J Day.

8 Aug

mephy and I just got home from what was supposed to have been my (official) ten-year high school reunion.  See, there was this whole big ‘ol shindig planned: Friday night drinking and tom foolery at a local pub (well, local to my old hometown), a dinner and dance at a hall on Saturday night, and then a family BBQ picnic in the park on Sunday afternoon.  Sounded pretty awesome to me, too.  Alas, some things are just not meant to be, and the whole kit ‘n’ caboodle was nixed – with the exception of the pub night, natch.

We still went.

I have amazing friends in my old hometown.  We see each other for weddings and births, usually, so this just seemed a brilliant excuse to wander out to Dodge and catch up.

We neglected to attend the pub night on Friday, favouring, instead, a more intimate gathering on Saturday night.  And folks, it was a blast!  Great food (potluck!), good drinks, a fabulous weather, a pretty boss bonfire (despite the BC wide burning ban – oops!), and phenomenal company.  We came, we ate, we chatted.  I couldn’t have asked for a better time.  I was able to see people I am blessed enough to see fairly regularly, and people I haven’t had the pleasure of seeing in years.

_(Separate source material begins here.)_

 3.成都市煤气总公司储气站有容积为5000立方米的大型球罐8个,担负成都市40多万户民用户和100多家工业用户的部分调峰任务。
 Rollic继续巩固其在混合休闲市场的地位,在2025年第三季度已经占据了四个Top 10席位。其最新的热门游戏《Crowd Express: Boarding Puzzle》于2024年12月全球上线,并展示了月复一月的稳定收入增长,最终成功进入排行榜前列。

That aside, this weekend was to be a high school reunion.  This got me thinking.  From afar I understand reunions.  An opportunity to catch up with folks you haven’t seen in ten, twenty, thirty, or forty plus years.  An opportunity to rekindle old friendships.  Close up, I have a different opinion.

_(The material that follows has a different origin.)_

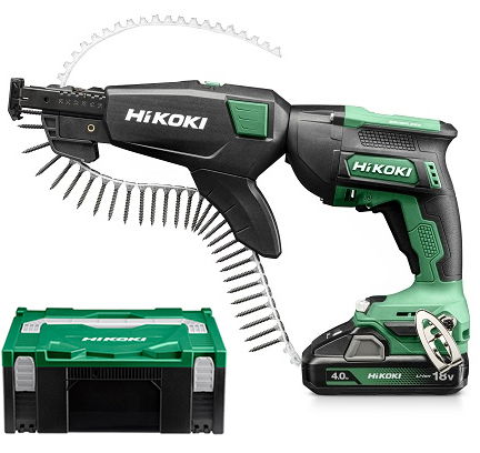 HiKoki W18DB-WCZ akkus levehető táras gipszkarton csavarozó (2 x 4.0 Ah Li-ion akkuval, Hitbox kofferben)

There is a darker side to the high school reunion.  It is a fantastic opportunity to pit yourself against a brilliant foe.  Someone who is your age, came from your town and was borne of (effectively) the same educational circumstances as you.  We stand up unmarried beside the married, without child beside families with three.six children, renters versus homeowners, doctors/lawyers/teachers pitted against the unemployed/burgerslingers/booksellers.

Maybe it really is just me.  I, quite consistently, look over other peoples’ fences to judge the hue of their lawn.  (It’s a vice.  I’m working on it.)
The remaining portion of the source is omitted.